Personal information
- Full name: Tatyana Vasilievna Dshandshgava
- Born: 25 February 1964 (age 62) Atbasar, Kazakh SSR, Soviet Union
- Height: 1.80 m (5 ft 11 in)
- Playing position: Goalkeeper

Club information
- Current club: Retired

Senior clubs
- Years: Team
- 1981–1990: Kuban Krasnodar
- 1991–1992: ŽRK Budućnost Podgorica
- 1992–2001: Hypo Niederösterreich

National team
- Years: Team / Apps / (Gls)
- 1982–1991: Soviet Union / 200 / (0)
- 1992: Unified Team / 5 / (0)
- –: Russia
- 1996–2000: Austria / 127 / (1)

Teams managed
- 2006–?: TV 05 Mainzlar

Medal record
Women's handball
Representing Soviet Union
Olympic Games
| Bronze medal – third place | 1988 Seoul | Team |
World Championship
| Gold medal – first place | 1982 Hungary | Team |
| Gold medal – first place | 1986 Netherlands | Team |
Representing Unified Team
Olympic Games
| Bronze medal – third place | 1992 Barcelona | Team |
Representing Austria
World Championship
| Bronze medal – third place | 1999 Norway/Denmark | Team |
European Championship
| Bronze medal – third place | 1996 Denmark | Team |

= Tatyana Dzhandzhgava =

Kazakhstani-Austrian handball player (born 1964)

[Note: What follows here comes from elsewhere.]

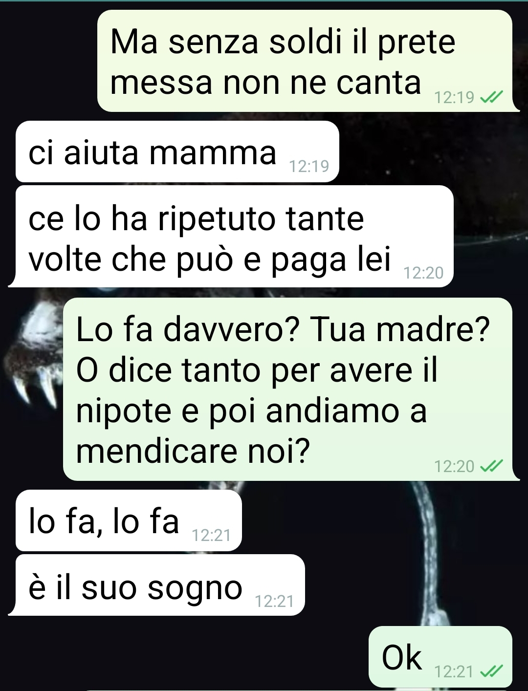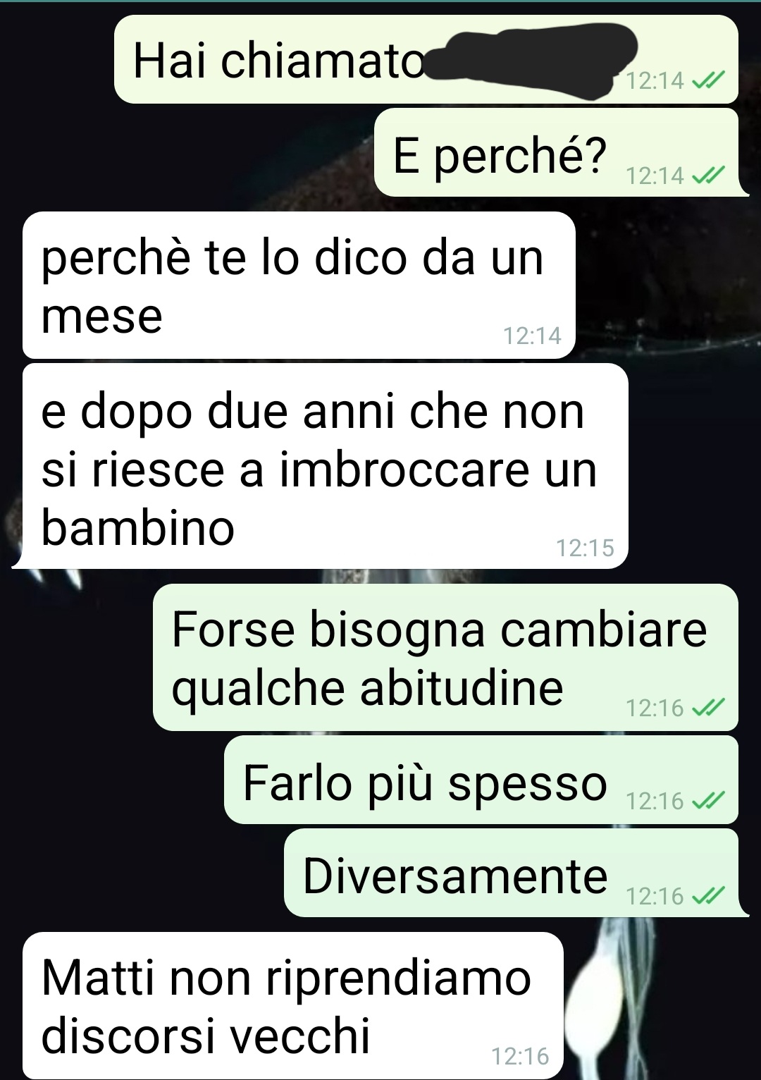 Mia moglie vuole che andiamo in una clinica per la fertilità. Ma ci deve venire pure sua madre! Buongiorno da Maria amici di Commenti Memorabili. Non so bene come prenderla, se a ridere o a piangere. Magari mi aiuterete a decidere e a fare (o non fare) quello che devo. Parto dal principio. Sono sposato con Giulia, felicemente, dal 2020. Da 2 anni abbiamo anche il desiderio di avere un bambino. Solo che fino ad ora non ci siamo riusciti. E diciamo che se all’inizio siamo andati leggeri adesso l’impegno, le procedure e gli esami sono serrati. Ma niente. Quindi Giulia ha pensato di affidarci ad una clinica per la procreazione assistita. Quantomeno un primo consulto per avere un quadro chiaro e un parere sulla nostra difficoltà. Diciamo che mi sono convinto, anche se resto per l’esborso economico. Ma al consulto dovrebbe venire mia suocera! Vi rendete conto??? A farsi gli affari nostri, i più intimi e personali. Questa è la chat e relativa lite con mia moglie sulla questione. Gustatevela e… aiutatemi!

Tatyana Vasilievna Dshandshgava, (Татьяна Васильевна Джанджгава, née Шалимова, Tatjana Dschandschgawa, born February 25, 1964 in Atbasar) is a Kazakhstani-Russian born, Austrian former handball player (goalkeeper). She played for first the Soviet Union national team, then the Russian national team and lastly the Austrian national team. She is a World champion from 1982 and 1986.

== Club handball ==
Dshandshgava played for HC Kuban Krasnodar until 1990. Here she won the Soviet Championship in 1989 and the EHF Cup Winners' Cup in 1987 and 1988.

She then joined ŽRK Budućnost Podgorica in Montenegro. In her only season at the club she won the Yugoslav Championship.

She then moved to Austria and joined Hypo Niederösterreich, where she won the Austrian Championship and Cup every season from 1993 to 2001. She also won the EHF Women's Champions League in 1994, 1995, 1998 and 2000, which is the joint third most of any women's player.

After her playing days she has become a goalkeeping coach.

== National team ==
=== Soviet Union ===
She made her debut for the Soviet Union national team in 1982. Later the same year she won a gold medal at the 1982 World Women's Handball Championship.

Four years later she won a 2nd gold medal in a row at the 1986 World Women's Handball Championship.

She then competed for the Soviet Union in the 1988 Summer Olympics. In 1988 she won the bronze medal with the Soviet team. She played all five matches as goalkeeper.

Four years later, she played for the Unified Team in the 1992 Summer Olympics, where she won the bronze medal. She played all five matches as goalkeeper.

=== Austria ===
She later optained Austrian citizenship, and switched to playing for Austria in 1996. At the 1996 European Championship she won a bronze medal with Austria.
Three years later she won another bronze medal at the 1999 World Women's Handball Championship. Those are two date (as of 2026) the only two medals Austria have ever won.

A year later she represented Austria in the 2000 Summer Olympics. At the 2000 Games she finished fifth with the Austrian team in the Olympic tournament. She played five matches and scored one goal as goalkeeper. Together with 1992, this is Austria's best ever result at the Olympics.